Manufacturing of Automobile Clutch Plates

By, Dr. Samir Majumdar, an industry veteran with over 40 years of experience.

 

Introduction

Generally, in a manual operating automotive, there are three foot-pedals, the brake, the accelerator and the clutch. The clutch plate (Fig.1) helps to overcome the inertia and start the vehicle moving.When the automobile engine develops power that is transmitted via clutch as a twisting force (torque) from the engine crankshaft to driving wheel. A smooth and gradual transfer of power and torque is accomplished using a clutch friction unit to engage and disengage the power flow (Fig.2). Clutches are useful in devices that have two rotating shafts.

Fig.1A: Clutch Friction Disc

In a car, you need a clutch because the engine spins all the time, but the car’s wheels do not when at rest. Wheel can move only by the application of gear. But without application of clutch if one applies gear to run the wheel, the engine stops because engine is not designed to run the wheel directly when the car is at rest and it is the clutch which gently engages between the driving wheel and the engine crankshaft and initiates motion of driving wheel.

The clutch allows to smoothly engaging a spinning engine to a non-spinning transmission by controlling the slippage between them (Fig.2). The default state of the clutch is engaged – that is the connection between engine and gearbox is always “on” unless the driver presses the clutch pedal and disengages it. If the engine is running with clutch engaged and the transmission in neutral, the engine spins the input shaft of the transmission, but no power is transmitted to the wheels.

Clutch lining is made with NBR formulation,containing several ingredients and it basically acts like the pads on the brakes. Clutch lining is the surface of the clutch that does the grabbing. Clutch linings are a type of friction material, similar to rubberized brake linings, such that during application, there is smooth friction and less noise. They have a much different function, however than brake linings because unlike brake, a clutch is used to transfer the motion of one mechanical component to another by keeping two surfaces in contact. The clutch lining is what prevents these two surfaces from slipping.

Fig.2: Clutch Engaged and Disengaged

Today’s clutch linings are usually made from fiberglass, Kevlar textiles, some type of metal (copper, steel etc.), reinforcing carbon, graphite, silicates etc. bonded by an oil resistant elastomer, preferably, NBR.

Throughout most of the 20th century however, clutch linings were made from asbestos, which provides superior cushioning and better wear than the modern materials currently in use today.

Use of Asbestos has been restricted in developed countries due to toxic gas generation in use.

Fig.3: Typical clutch components

A clutch is a mechanical device that engages and disengages the power transmission, especially from driving shaft to driven shaft (Fig.2). Clutches are used whenever the transmission of power or motion must be controlled either in amount or over time.

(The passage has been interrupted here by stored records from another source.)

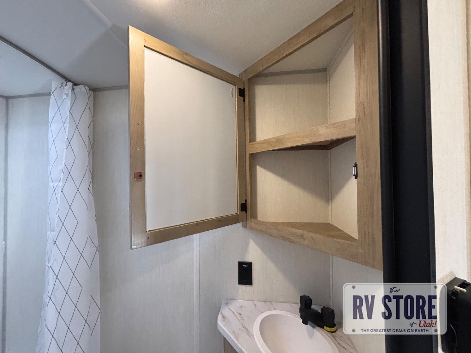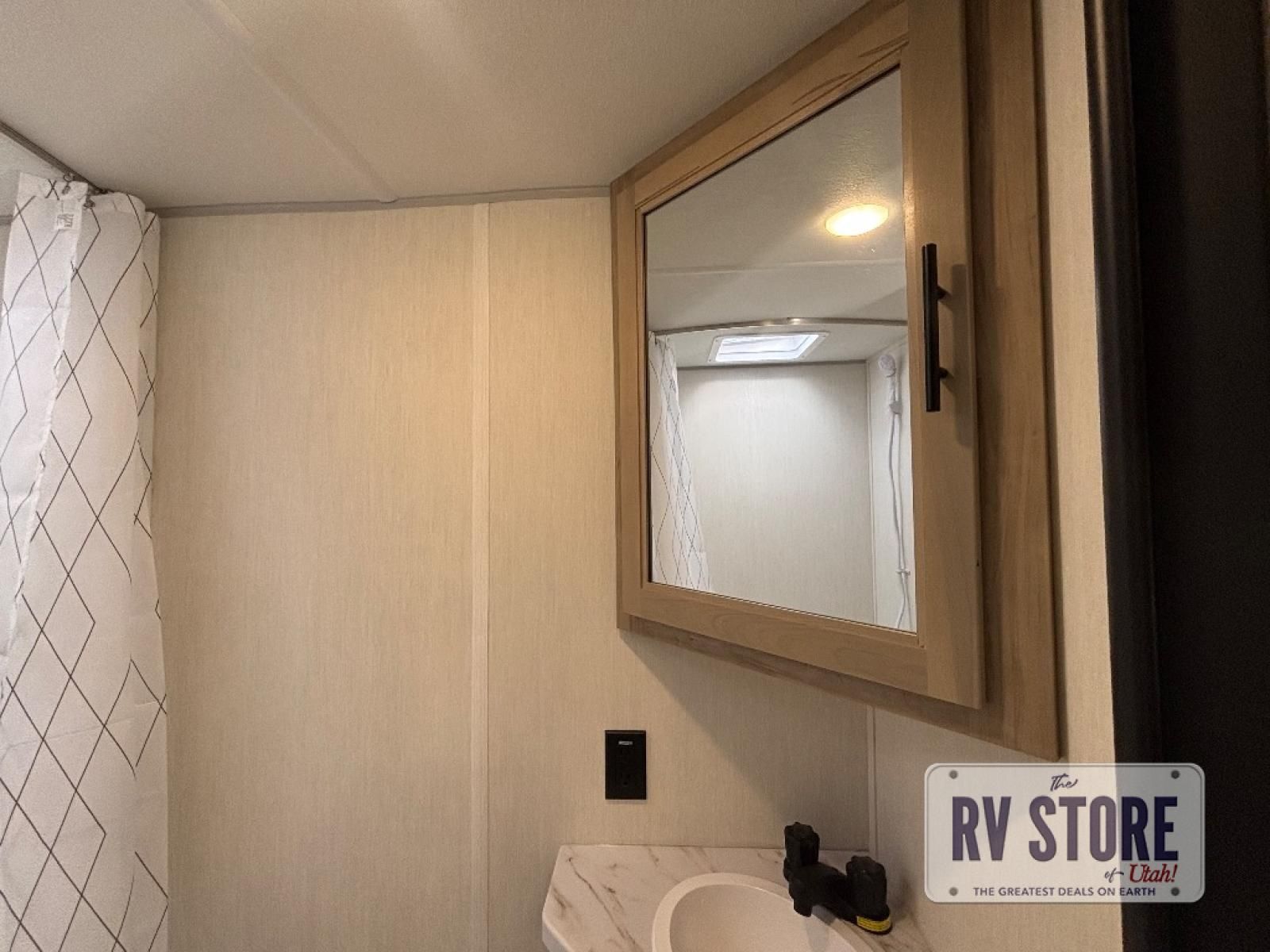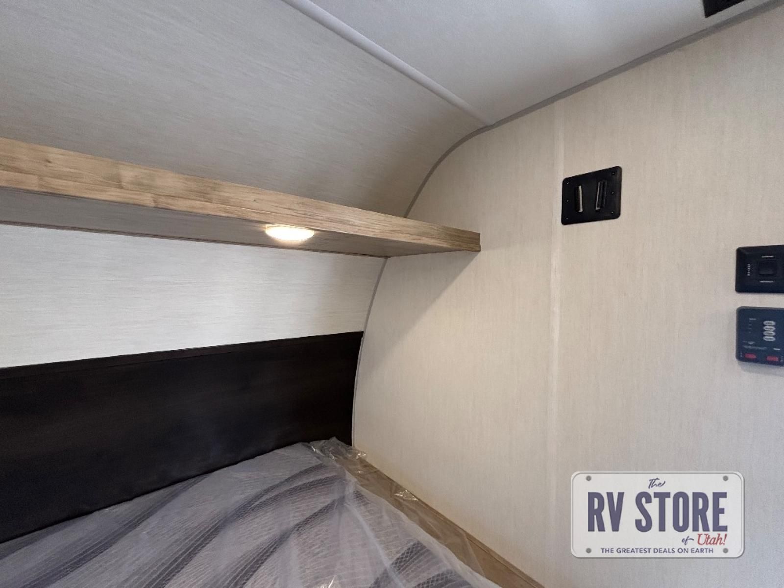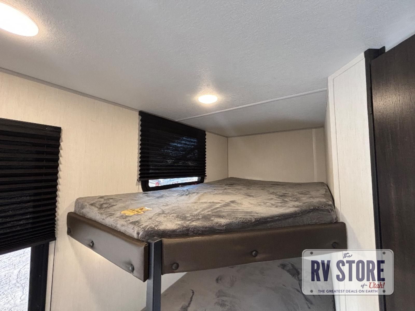 Create amazing memories in this stunning travel trailer! It is perfect for at least six people, thanks to its multiple sleeping spaces. The spacious double-sized bunk beds are ideal for kids or guests, while the plush queen-sized bed provides a restful retreat for adults. The full bathroom is equipped with everything you need for a comfortable stay, and the kitchen features a refrigerator and microwave for you to go wild in the kitchen. You can also gather around the dinette for meals and snacks, or relax in the evenings under the protection of the exterior awning. In addition, ample overhead cabinets provide storage for cookware, dishes, and essentials, keeping your trailer tidy and organized.
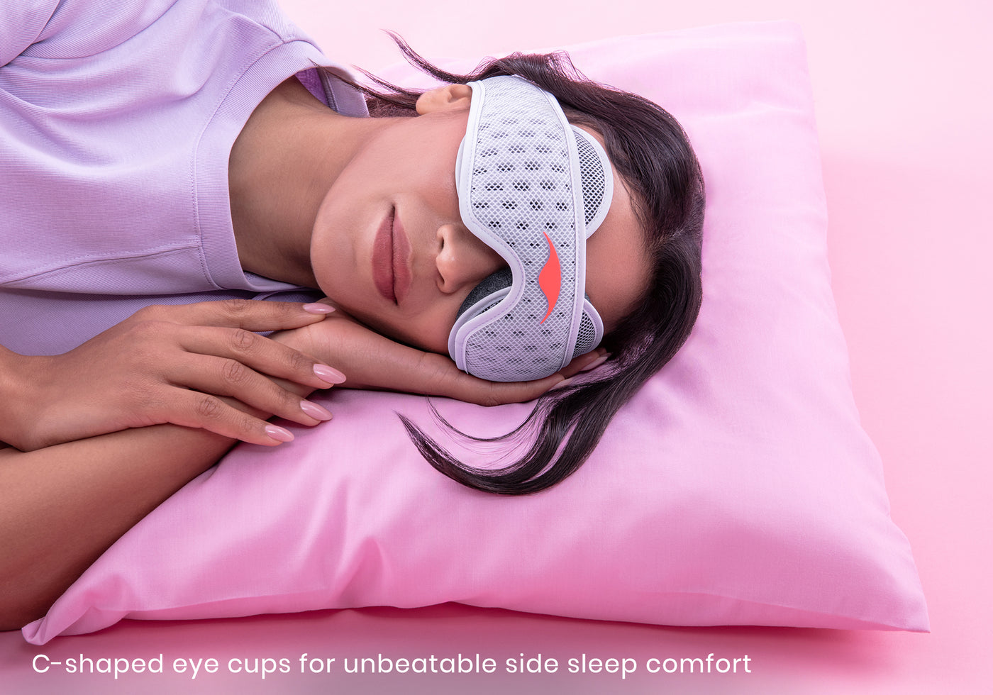 Uncompromisingly designed for side sleepers, PRO’s eye cups sit completely flat against your temple without sacrificing eye space. So there’s nothing between your head and your pillow.
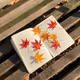 Fallen autumn leaves rest on pages quiet and still
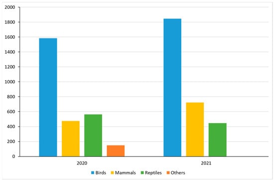 All database records were reviewed for accuracy and formatting consistency. Simple data entry errors by the wildlife rehabilitators (such as minor incorrect spelling of species or place names) were corrected. Subsequently, for this study we used data from two consecutive years (from 1 January 2020 to 31 December 2021). The statistical analysis consisted of characterizing the sample via the analysis of the various categorical variables: taxonomic group (species, order, and class), age group, clinical classification, cause of admission, outcome, and days in the hospital.

A clutch is a subcomponent of a car’s manual transmission system that engages and disengages the engine to the gearbox and transfers torque to the vehicle’s transmission in split-seconds. The clutch is a metal disc that directs the flow of power between the engine and the transmission along with the pressure plate and the flywheel.

The various components necessary to deliver power to the drive wheels are the flywheel, pressure plate, clutch plate, release bearing, control linkages and the transmission. The modern clutch has four main components: the cover plate (which incorporates a diaphragm spring), the pressure plate, the driven plate, and the release bearing (Fig.3).

 Fig.4: Functioning of Diaphragm Spring

The cover plate is bolted to the flywheel, and the pressure plate exerts pressure on the driven plate through the diaphragm spring or through coil springs on earlier cars.The driven plate runs on a splined shaft between the pressure plate and flywheel. It is faced on each side with a friction material which grips the pressure plate and flywheel when fully engaged, and can slip by a controlled amount when the clutch pedal is partially depressed, allowing the drive to be taken up smoothly.

When a car is moving under power, the clutch is engaged. A pressure plate bolted to the flywheel exerts constant force, by means of a diaphragm spring; on the driven plate (Fig.4). Earlier cars have a series of coil springs at the back of the pressure plate, instead of a diaphragm spring.

The driven (or friction) plate runs on a splined input shaft, through which the power is transmitted to the gearbox.

The plate has friction linings, similar to brake linings, on both its faces, which allows the drive to be taken up smoothly when the clutch is engaged.

When the clutch is disengaged (pedal depressed), an arm pushes a release bearing against the center of the diaphragm spring which releases the clamping pressure.The outer part of the pressure plate, which has a large friction surface, then no longer clamps the driven plate to the flywheel, so the transmission of power is interrupted and gears can be changed.

When the clutch pedal is released, the thrust bearing is withdrawn and the diaphragm-spring load once again clamps the driven plate to the flywheel to resume the transmission of power.

Some cars have a hydraulically operated clutch. Pressure on the clutch pedal inside the car activates a piston in a master cylinder, which transmits the pressure through a fluid-filled pipe to a slave cylinder mounted on the clutch housing.The slave-cylinder piston is connected to the clutch release arm.

Fig.5: The clutch disc is installed between the pressure plate assembly and the flywheel

The release bearing is pushed hard against the diaphragm spring, either hydraulically or by a cable and lever, and releases spring load to interrupt power transmission. In a torque-controlled drill, for instance, one shaft is driven by a motor and the other drives a drill chuck. The clutch disc is practically installed between the pressure plate assembly and the flywheel(Fig.5).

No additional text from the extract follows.